DESCRIPTION OF SYMBOLS 10 Upper case 11 Frame 12 Transparent plate 13 Mounting plate 20 Pointer 30 Dial 40 Main body drive part 41 Rotating shaft 42 Magnet 43 Derivative 44 Pointer shaft 50 Main body frame 51 Bearing part 52 Bottom plate 53 Side plate 54, 62 Center hole 55 Hole 56, 57 corner 58 notch 60 lower case 61 bottom 63 clip 64 groove 65, 67 slope 66 hook 68 anti-rotation 69 corner 70 positioning pin 71 post 72, 84 convex 73 boss 81, 85 buffer member 82 groove 83 intermediate support member 86 Screw 100 Instrument M Instrument body

Claims (7)

An instrument body with a pointer to be driven as the rotary shaft rotates;
A dial attached to the upper part of the main frame of the instrument body,
A case body that has an upper case and a lower case and houses the instrument body and the dial,
A bearing portion that pivotally supports the rotating shaft provided on the bottom side of the main body frame of the instrument body,
The lower case includes a through hole provided so that the bearing portion can be inserted, and the lower case for removably fixing a part of the instrument body at a position spaced radially outward from the bearing portion. A fixing member integrally provided from
An instrument device characterized by that. The fixing member has elasticity and is formed so as to be deformed at the time of attachment and detachment and to be engaged with a member at the other side at the time of fixing.

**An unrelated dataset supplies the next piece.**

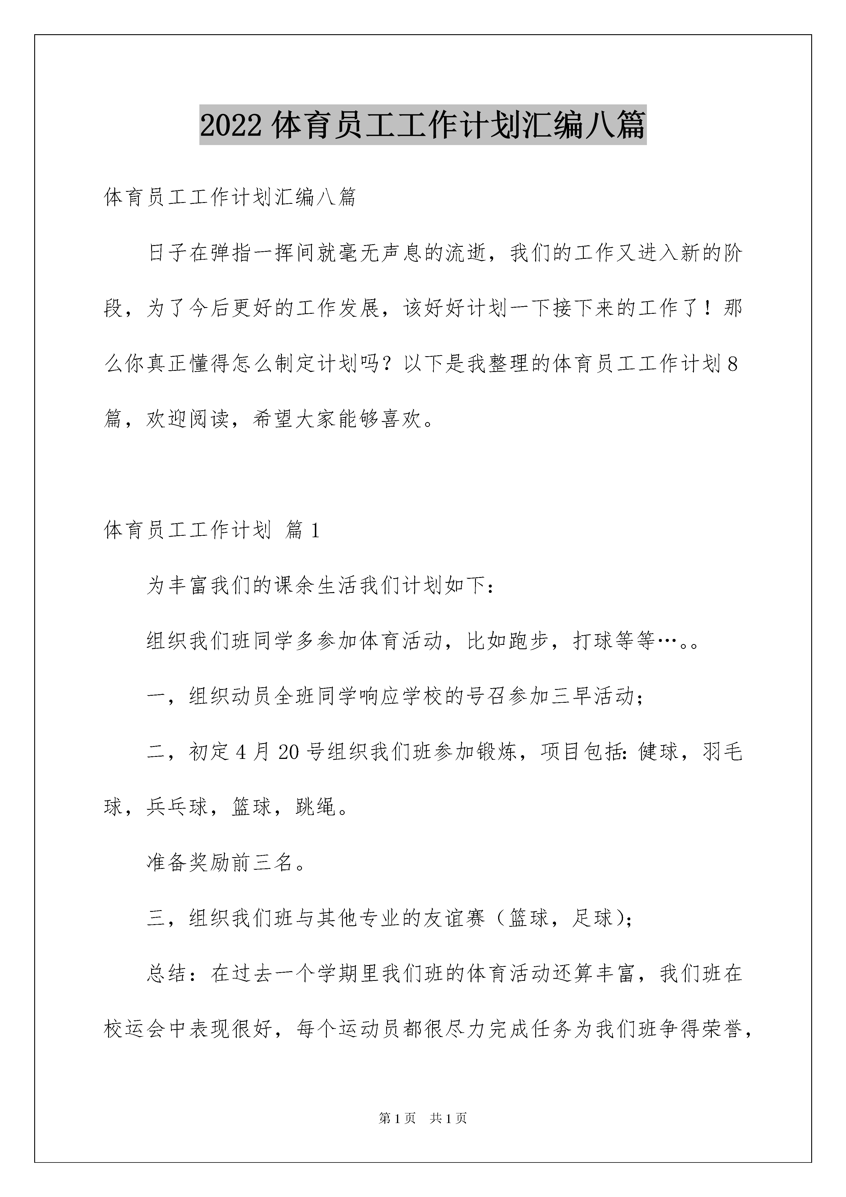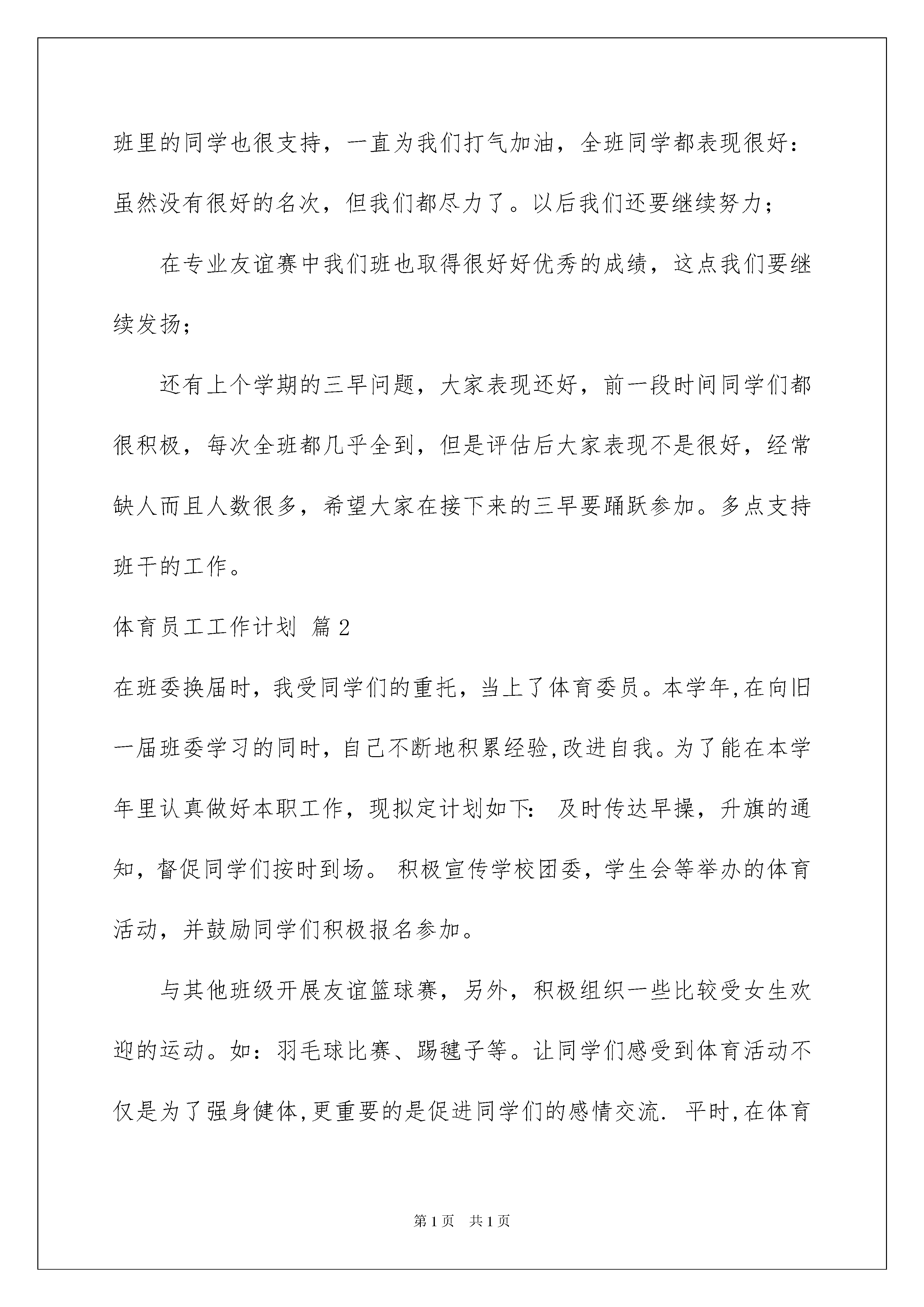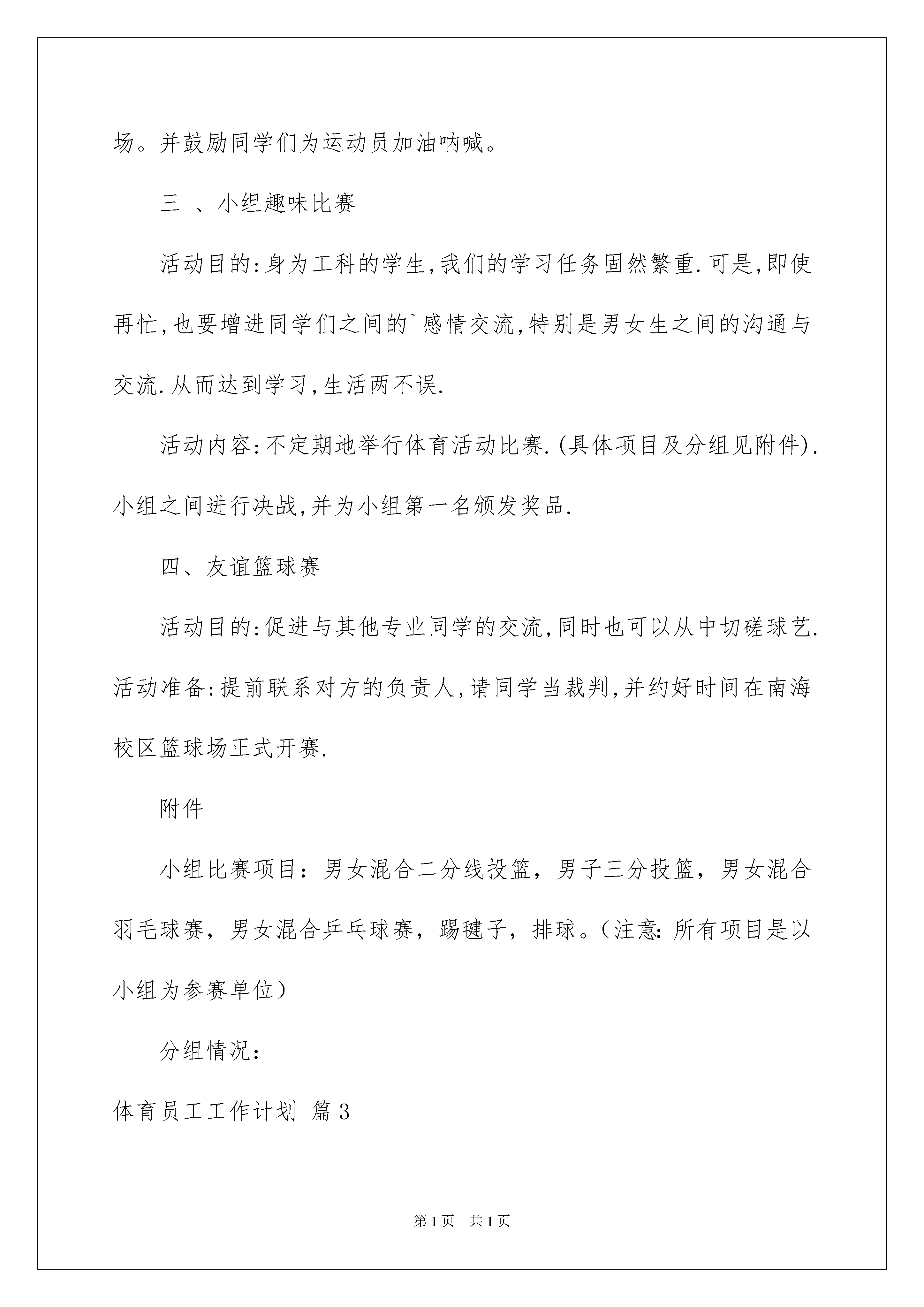 2022体育员工工作计划汇编八篇体育员工工作计划汇编八篇日子在弹指一挥间就毫无声息的流逝,我们的工作又进入新的阶段,为了今后更好的工作发展,该好好计划一下接下来的工作了!那么你真正懂得怎么制定计划吗?以下是我整理的体育员工工作计划8篇,欢迎阅读,希望大家能够喜欢。体育员工工作计划篇1为丰富我们的课余生活我们计划如下:组织我们班同学多参加体育活动,比如跑步,打球等等…。。一,组织动员全班同学响应学校的号召参加三早活动;二,初定4月20号组织我们班参加锻炼,项目包括:健球,羽毛球,兵乓球,篮球,跳绳。准备奖励前三名。三,组织我们班与其他专业的友谊赛(篮球,足球);总结:在过去一个学期里我们班的体育活动还算丰富,我们班在校运会中表现很好,每个运动员都很尽力完成任务为我们班争得荣誉,班里的同学也很支持,一直为我们打气加油,全班同学都表现很好:虽然没有很好的名次,但我们都尽力了。以后我们还要继续努力;在专业友谊赛中我们班也取得很好好优秀的成绩,这点我们要继续发扬;还有上个学期的三早问题,大家表现还好,前一段时间同学们都很积极,每次全班都几乎全到,但是评估后大家表现不是很好,经常缺人而且人数很多,希望大家在接下来的三早要踊跃参加。多点支持班干的工作。体育员工工作计划篇2在班委换届时,我受同学们的重托,当上了体育委员。本学年,在向旧一届班委学习的同时,自己不断地积累经验,改进自我。为了能在本学年里认真做好本职工作,现拟定计划如下:及时传达早操,升旗的通知,督促同学们按时到场。积极宣传学校团委,学生会等举办的体育活动,并鼓励同学们积极报名参加。与其他班级开展友谊篮球赛,另外,积极组织一些比较受女生欢迎的运动。如:羽毛球比赛、踢毽子等。让同学们感受到体育活动不仅是为了强身健体,更重要的是促进同学们的感情交流.平时,在体育运动过程中注重培养同学们的团队意识,合作意识,拼搏精神,让青春活力四射.在运动过程中提醒同学们注意安全,以及受伤时该如何及时处理,每当举行完一些体育赛事,进行一次总结,有何进步,有何欠缺.积极配合其他班委及上级的工作。具体内容一、电信杯篮球赛活动目的:积极响应国家教育部.国家体育总局.共青团中央的号召.同时,利用20xx年亚运会的契机,激发同学们的体育锻炼热情.活动主题:贺羊城激情亚运,展电信魅力篮球活动准备:利用空余时间与队员进行热身训练,着重培养团队意识,合作意识,从而提高整支球队的战术素养.每场比赛前,安排好首发阵容以及在比赛当中的轮换阵容.并号召同学们为球员加油鼓气.二、院运会活动目的:点燃同学们体育活动的热情之火,促进同学们身心健康的良好发展。活动准备:及时传达比赛项目的竞赛规程和通知参赛人员按时到场。并鼓励同学们为运动员加油呐喊。三、小组趣味比赛活动目的:身为工科的学生,我们的学习任务固然繁重.可是,即使再忙,也要增进同学们之间的`感情交流,特别是男女生之间的沟通与交流.从而达到学习,生活两不误.活动内容:不定期地举行体育活动比赛.(具体项目及分组见附件).小组之间进行决战,并为小组第一名颁发奖品.四、友谊篮球赛活动目的:促进与其他专业同学的交流,同时也可以从中切磋球艺.活动准备:提前联系对方的负责人,请同学当裁判,并约好时间在南海校区篮球场正式开赛.附件小组比赛项目:男女混合二分线投篮,男子三分投篮,男女混合羽毛球赛,男女混合乒乓球赛,踢毽子,排球。(注意:所有项目是以小组为参赛单位)分组情况:体育员工工作计划篇3新的学期已经开始,我很荣幸担任xx计本2班体育委员。这是我上大学以来第一次担任班级委员。我会做好本职的工作不让班级同学失望。因此特拟定这学期工作计划:一、学好专业是最重要的。认真学习专业的知识,做好班干带头作用。多为同学们着想。做好本分,帮他人之不能,做之他人之难。二、构建和谐班级。大学不仅是知识的海洋,还是一个部学做人的宝典。做人既要学会为已还要学会为人。不管是现在还是未来,我们都不能在社会独立起来,都要与人相处、合作。和谐的环境是合作的基础。在大学,和谐更显为重要,没有一个良好的环境,那会学习得好;没有一个和谐的班级,小环境都不能合作、和谐相处,又怎能在大社会合作和谐相处呢?因此构建和谐班级极为重要。三、组织活动,增强集体观念、团结、活力。众所周知。健康的身体是革命的本钱。没有一个好身体。是不能做什么的。大三已经没有体育课了,课外活动显得更加重要了。课外活动便是增强体质的最有力的保障。因此我们要经常活动,多参加点有益课外活动。在活动的同时我们会有更多的时间互相了解,互相促进。具体工作计划如下:1、组织同学们积极参与各项体育活动:如动员同学们积极参

The instrument device according to claim 1. At least one of the fixing members is provided as an elastically deformable fixing member divided into a slit shape, and a holding hole provided in the main body frame of the instrument body corresponding to the deformable fixing member. Inserted through,
The instrument device according to claim 2. The fixing member is disposed in the lower case at a position that engages with an outer edge portion of the main body frame,
The instrument device according to claim 2. The lower case further includes a rotation preventing member disposed integrally with the lower case for locking the main body frame in a circumferential direction at a position spaced radially outward from the bearing portion.
The instrument device according to any one of claims 1 to 4, wherein The anti-rotation member has an L shape when viewed along the attaching / detaching direction of the main body frame and the lower case, and engages with a corner of the main body frame.
The instrument device according to claim 5. An elastic cushioning member is interposed between the edge of the dial and at least one of the upper case and the lower case.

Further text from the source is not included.